◆ Work task ◆
From the data below, repeat everything exactly except the images.

*** Begin section ***

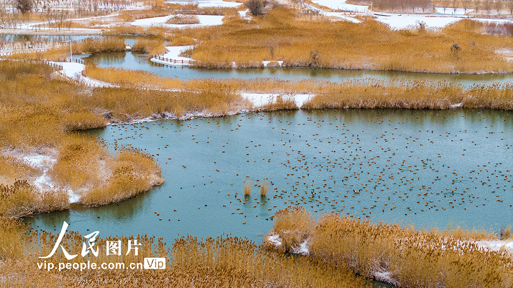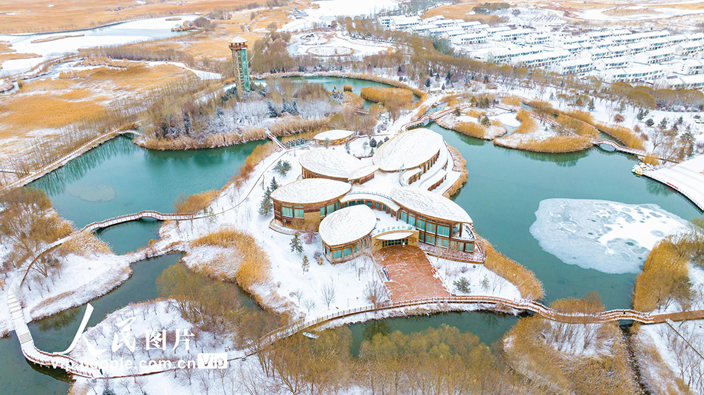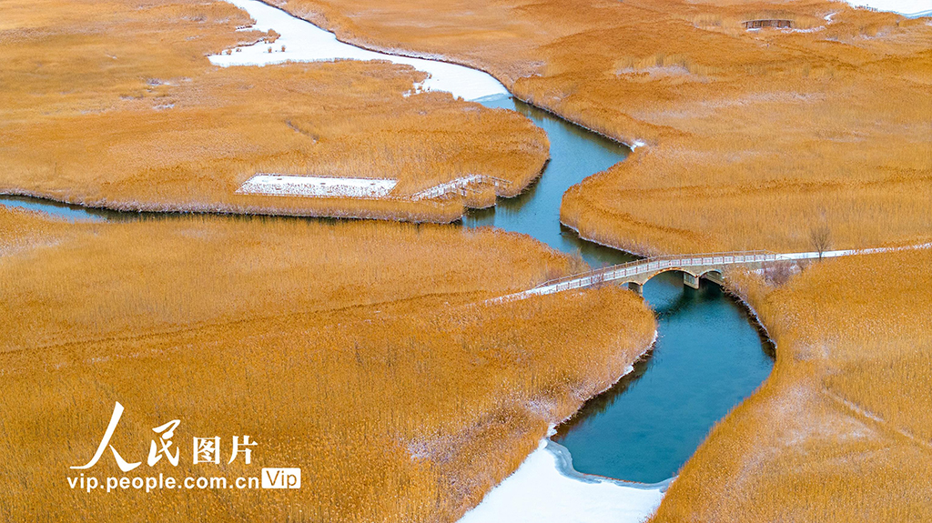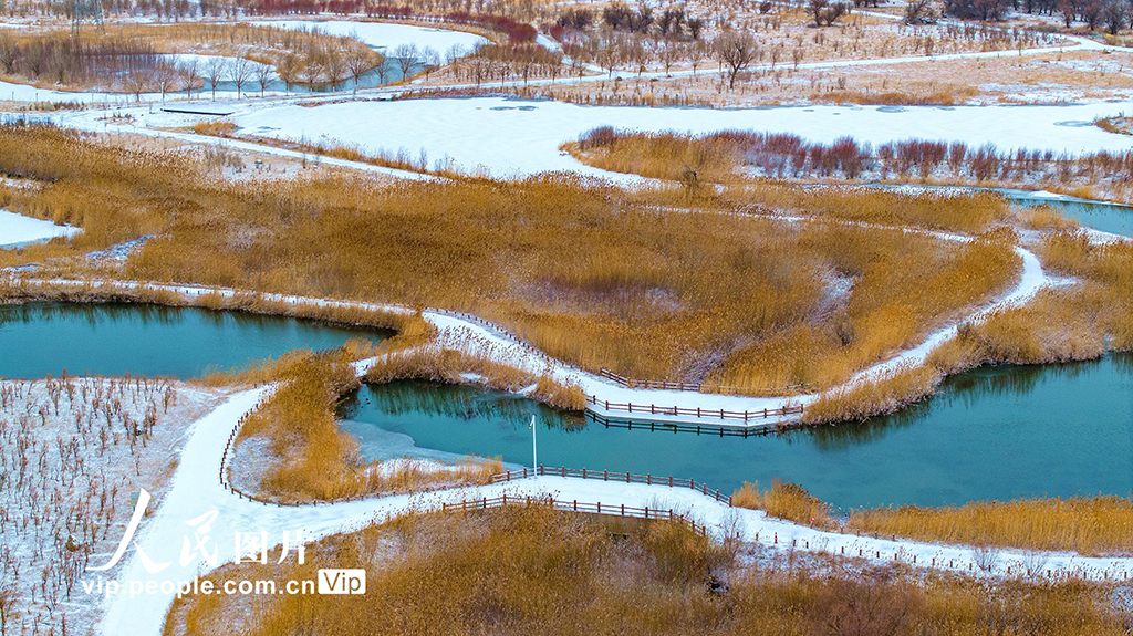 2025年12月12日,雪后的甘肃张掖国家湿地公园,碧水、白雪、金黄的芦苇与蜿蜒的步道、河流、亭台相映成景,构成一幅幅美丽的生态画卷。杨永伟摄(人民图片网)
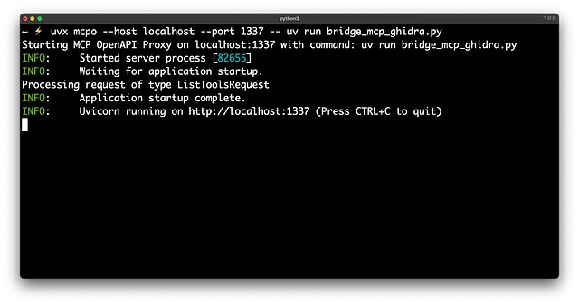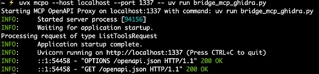 uvx mcpo --host localhost --port 1337 -- uv run bridge_mcp_ghidra.py
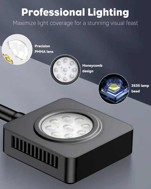 - Professional Lighting: Honeycomb PMMA lens array maximizes light transmission and coverage. Effectively create stunning shimmer effects while highlighting the natural beauty of tank inhabitants. Even light distribution ensures optimal growth throughout
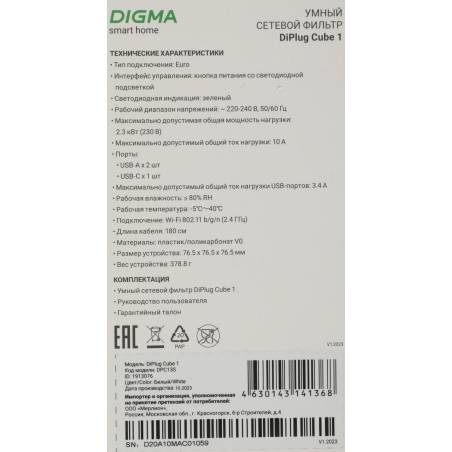 Умная розетка Digma DiPlug Cube 1 EU Wi-Fi белый (DPC13S)
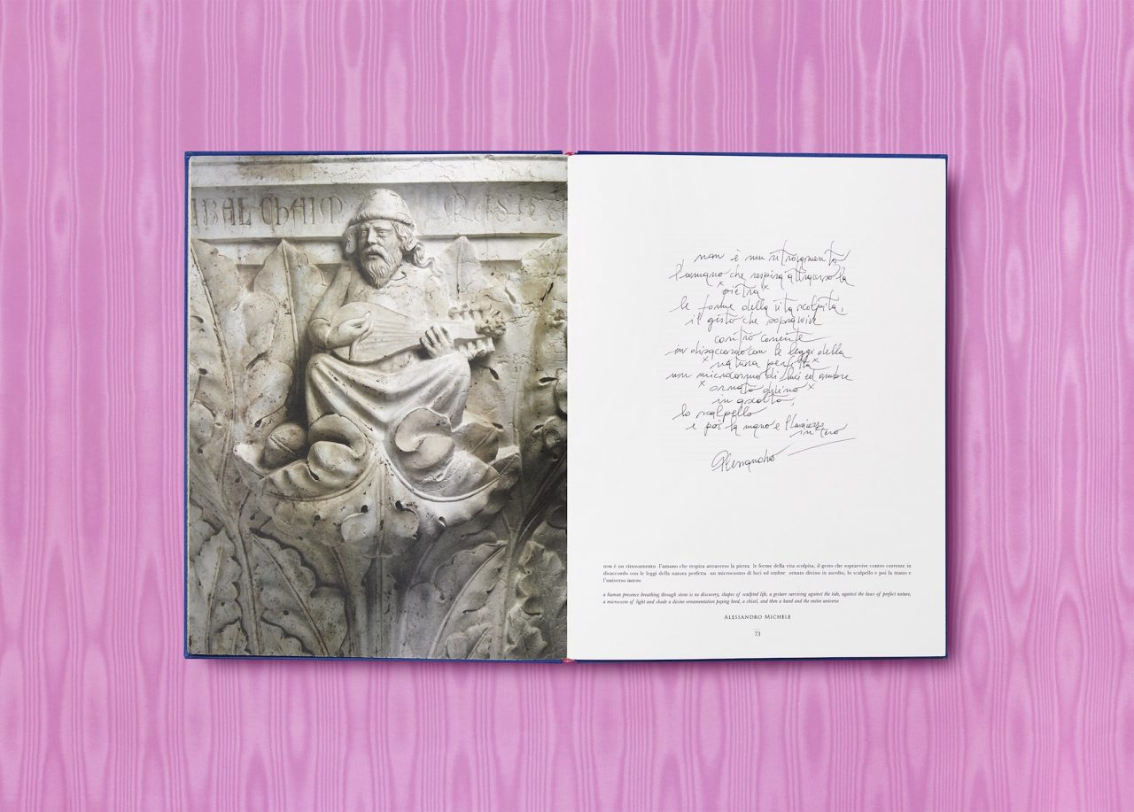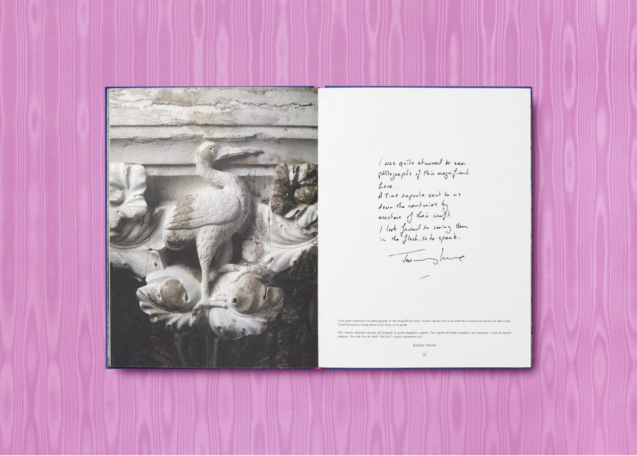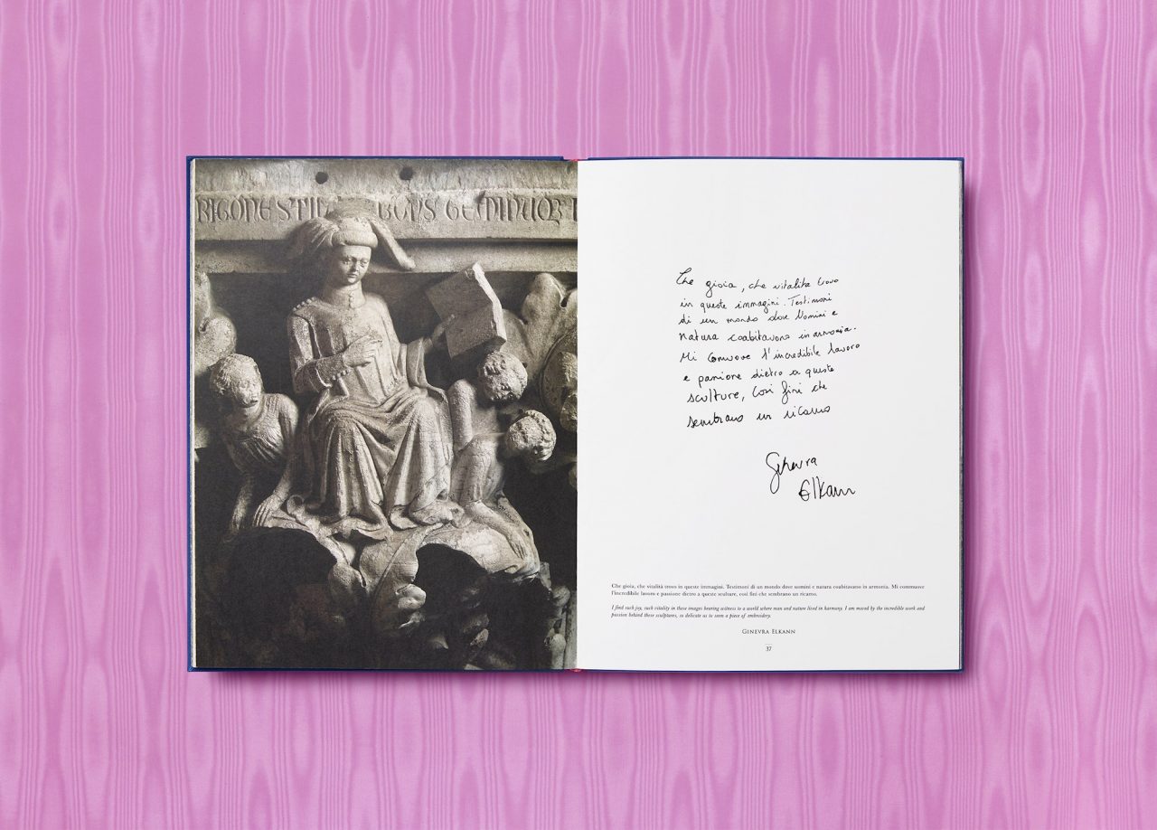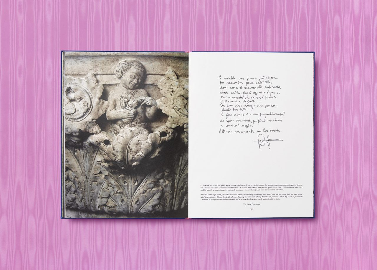 ヴィクトリア期を代表する美術評論家である John Ruskin (ジョン・ラスキン) がかつて「冷酷な支配と忍耐強い心によって、自然の過酷さと人間の激しい感情を克服しつつ刻まれた」と評した柱頭は、1世紀以上の時を経て映画監督の Pierluigi Martini (ピエル・ルイジ・ピッツィ) によって再拝見され、Marina Cicogna に引き継がれたことが本プロジェクトの発端。Marina Cicogna が CameraphotoArt (カメラフォトアート) のアーカイブから選んだ写真と彼女自身が撮影した写真が収録され、Marina Abramovic (マリーナ・アブラモヴィッチ) や Diane von Fürstenberg (ダイアン・フォン・ファステンバーグ)、Salma Hayek (サルマ・ハエック)、Martin Parr (マーティン・パー)、そして Valentino (ヴァレンティノ) といった世界の著名人が寄稿している。
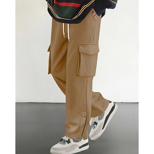 Herren Cargo-Jogginghose Jogginghose Hose Kordelzug Tasche Elastischer Bund Einfach Komfort Sport im Freien Täglich Mode Lässig Schwarz Rote Mikroelastisch
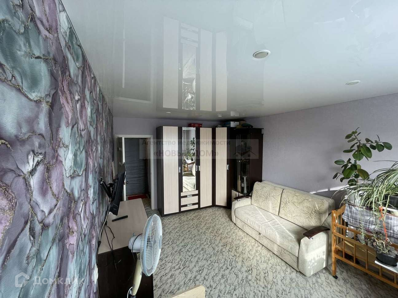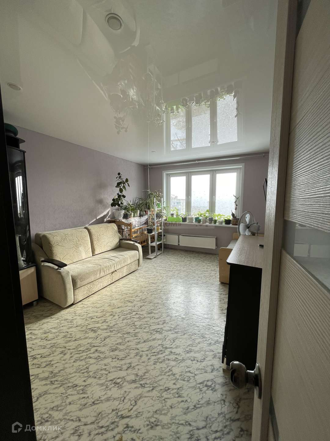 В одной (17,3м2) комнате сделан ремонт - пластиковое окно, натяжной потолок, свежие обои.
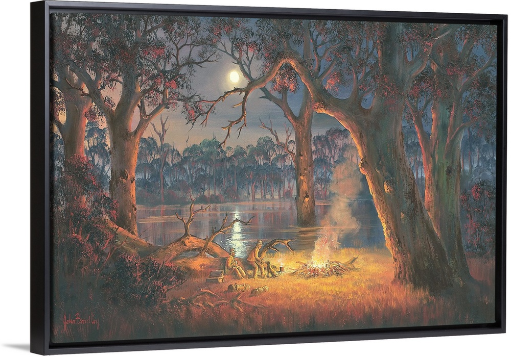 <p>Contemporary painting of old friends sitting beside a roaring campfire at night.</p>
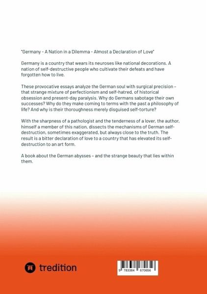 Germany - A Nation in a Dilemma - Almost a Declaration of LoveGermans seem to love their defeats like other nations love their victories. Why? This nation, which licks its history like a wound and takes pleasure in doing so, is the subject of a book that dissects the dilemma of an entire culture: "Germany - A Nation in a Dilemma - Almost a Declaration of Love."Germany - a country that has turned failure into an art form. The author of this provocative work, Hermann Selchow, dissects the German soul with the precision of a pathologist and the tenderness of a lover. The result: a literary X-ray of a nation, sometimes exaggerated, but always close to the truth.The famous German thoroughness reveals itself as systematic self-dismantling, the drive for perfection as paralysis through analysis. Coming to terms with the past becomes a denial of the present. A people that wears its neuroses like medals and forgets how to live.But this book is no cheap voyeurism of German defects. It is adiagnosis with heart, a criticism without contempt. The author, himself a member of this people, not only exposes the mechanisms of German self-sabotage but also demonstrates its productive power. For those who destroy themselves so virtuosically also master the art of renewal.German readers will feel caught out - and perhaps for the first time, be able to smile at their own abysses. Foreigners will gain insight into the psychic landscape of a people who guard their traumas like relics. Sociologists and psychologists may find material for years of analysis.The book is written in the style of a loving postmortem: perceptive without coldness, ironic without cynicism. A rare balance between science and humanity.The question for the future remains: Can the Germans overcome their self-destruction? Or is it perhaps their most precious asset? The author offers no easy answers, but the right questions."Germany - A Nation in a Dilemma" is therapy as literature, social criticism as an act of love. A book for all who want to understand Germany - and for Germans who finally want to tolerate themselves.

*** End section ***

◆ Answer to the problem ◆
 2025年12月12日,雪后的甘肃张掖国家湿地公园,碧水、白雪、金黄的芦苇与蜿蜒的步道、河流、亭台相映成景,构成一幅幅美丽的生态画卷。杨永伟摄(人民图片网)
 uvx mcpo --host localhost --port 1337 -- uv run bridge_mcp_ghidra.py
 - Professional Lighting: Honeycomb PMMA lens array maximizes light transmission and coverage. Effectively create stunning shimmer effects while highlighting the natural beauty of tank inhabitants. Even light distribution ensures optimal growth throughout
 Умная розетка Digma DiPlug Cube 1 EU Wi-Fi белый (DPC13S)
 ヴィクトリア期を代表する美術評論家である John Ruskin (ジョン・ラスキン) がかつて「冷酷な支配と忍耐強い心によって、自然の過酷さと人間の激しい感情を克服しつつ刻まれた」と評した柱頭は、1世紀以上の時を経て映画監督の Pierluigi Martini (ピエル・ルイジ・ピッツィ) によって再拝見され、Marina Cicogna に引き継がれたことが本プロジェクトの発端。Marina Cicogna が CameraphotoArt (カメラフォトアート) のアーカイブから選んだ写真と彼女自身が撮影した写真が収録され、Marina Abramovic (マリーナ・アブラモヴィッチ) や Diane von Fürstenberg (ダイアン・フォン・ファステンバーグ)、Salma Hayek (サルマ・ハエック)、Martin Parr (マーティン・パー)、そして Valentino (ヴァレンティノ) といった世界の著名人が寄稿している。
 Herren Cargo-Jogginghose Jogginghose Hose Kordelzug Tasche Elastischer Bund Einfach Komfort Sport im Freien Täglich Mode Lässig Schwarz Rote Mikroelastisch
 В одной (17,3м2) комнате сделан ремонт - пластиковое окно, натяжной потолок, свежие обои.
 <p>Contemporary painting of old friends sitting beside a roaring campfire at night.</p>
 Germany - A Nation in a Dilemma - Almost a Declaration of LoveGermans seem to love their defeats like other nations love their victories. Why? This nation, which licks its history like a wound and takes pleasure in doing so, is the subject of a book that dissects the dilemma of an entire culture: "Germany - A Nation in a Dilemma - Almost a Declaration of Love."Germany - a country that has turned failure into an art form. The author of this provocative work, Hermann Selchow, dissects the German soul with the precision of a pathologist and the tenderness of a lover. The result: a literary X-ray of a nation, sometimes exaggerated, but always close to the truth.The famous German thoroughness reveals itself as systematic self-dismantling, the drive for perfection as paralysis through analysis. Coming to terms with the past becomes a denial of the present. A people that wears its neuroses like medals and forgets how to live.But this book is no cheap voyeurism of German defects. It is adiagnosis with heart, a criticism without contempt. The author, himself a member of this people, not only exposes the mechanisms of German self-sabotage but also demonstrates its productive power. For those who destroy themselves so virtuosically also master the art of renewal.German readers will feel caught out - and perhaps for the first time, be able to smile at their own abysses. Foreigners will gain insight into the psychic landscape of a people who guard their traumas like relics. Sociologists and psychologists may find material for years of analysis.The book is written in the style of a loving postmortem: perceptive without coldness, ironic without cynicism. A rare balance between science and humanity.The question for the future remains: Can the Germans overcome their self-destruction? Or is it perhaps their most precious asset? The author offers no easy answers, but the right questions."Germany - A Nation in a Dilemma" is therapy as literature, social criticism as an act of love. A book for all who want to understand Germany - and for Germans who finally want to tolerate themselves.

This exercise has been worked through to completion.